Untitled Document

2015 Commercial Law Developments, Prepared by the Business Law Section Commercial Transactions Committee for the 2015 Business Law Section Annual Report
X. Other Laws Affecting Commercial Transactions

A. Bankruptcy

1. Bankruptcy Estate

  • Cantor v. FDIC (In re Downey Financial Corporation), ___ F.3d ___ (3d Cir. 2015) – Tax sharing agreement did not create agency relationship because alleged principal did not ‘control’ alleged agent; thus property in possession of ‘agent’ was agent’s property.

2. Automatic Stay

  • In re Energy Futures Holdings Corp., _ B.R. _ (Bankr.D.Del.2015) – Court refused to allow a creditor to obtain relief from the automatic stay to de-accelerate a debt. De-acceleration was important because the credit documents provided for a makewhole premium in the event of a voluntary prepayment, but not in the case of an ‘involuntary’ prepayment occurring upon automatic acceleration of the debt in the event of bankruptcy. The court cited the borrower’s counsel’s opinion’s bankruptcy exception as putting the secured parties on notice that the make-whole might not be due in the event of bankruptcy.

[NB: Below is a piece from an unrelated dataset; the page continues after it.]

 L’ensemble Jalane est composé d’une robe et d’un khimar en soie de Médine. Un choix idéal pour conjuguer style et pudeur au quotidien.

  • In re Caesars Entertainment Operating Co., Inc., _ B.R. _ (N.D.Ill. 2015) – Court would not enter injunction staying actions against non-bankrupt parent (guarantor of claims against debtor) of Chapter 11 debtor because claims not ‘sufficiently related’

3. Substantive Consolidation

4. Secured Parties, Set Off, Leases

  • In re ADI Liquidation Inc. (Bankr. Dela. 2015) – Debtor in Chapter 11 may use credits and overpayments owed to vendors (e.g., overpayments) to offset secured claims and administrative costs.

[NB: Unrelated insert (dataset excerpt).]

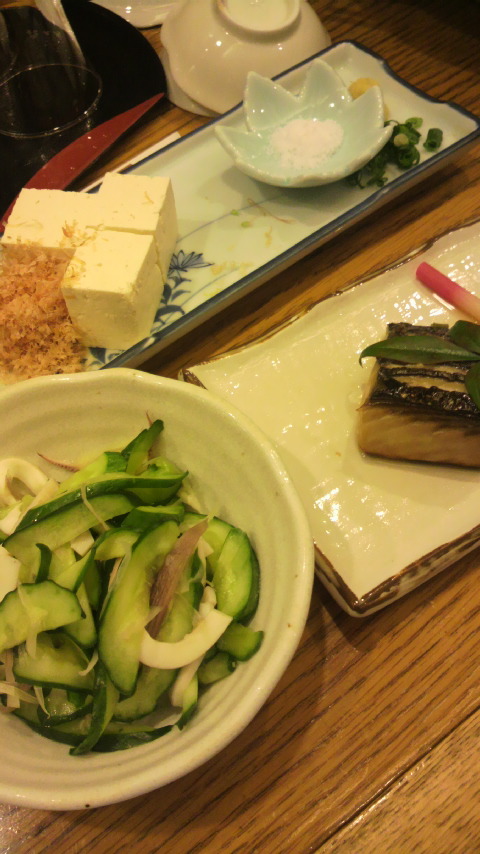 ●前菜:塩イカ胡瓜もみ 土佐の津野山豆腐

  • Bank of America, N.A. v. Caulkett, 575 U.S. __ (2015) – The Supreme Court held that a Chapter 7 debtor may not void a junior mortgage lien under Bankruptcy Code § 506(d) when the debt owed on a senior mortgage lien exceeds the current value of the collateral if the creditor’s claim is both ‘secured’ by a lien and ‘allowed’ under Bankruptcy Code § 502. The Court relied on its decision in Dewsnup v. Timm, 502 U.S. 410 (1992), which construed the term ‘secured claim’ in § 506(d) to mean any claim supported by a security interest in property, regardless of whether the value of the property would be sufficient to cover the claim, which is fully allowed pursuant to § 502. .

5. Avoidance Actions

6. Executory Contract

7. Claims

  • Baker Botts LLP v. Asarco, LLC, _ U.S. _ (2015) – Bankruptcy Code section 330(a) does not allow bankruptcy courts to award attorneys’ fees for defending their fee applications.

8. Plan

  • Bullard v. Blue Hills Bank, 575 U.S. __ (2015) – Bankruptcy court’s order denying confirmation of a Chapter 13 debtor’s proposed repayment plan is not a ‘final’ order and thus is not immediately appealable as long as the debtor has the right to propose an alternative plan. The Supreme Court reached this conclusion first and foremost ‘because only plan confirmation - or case dismissal - alters the status quo and fixes the rights and obligations of the parties’. (Emphasis added). For a copy of the decision, see the link below.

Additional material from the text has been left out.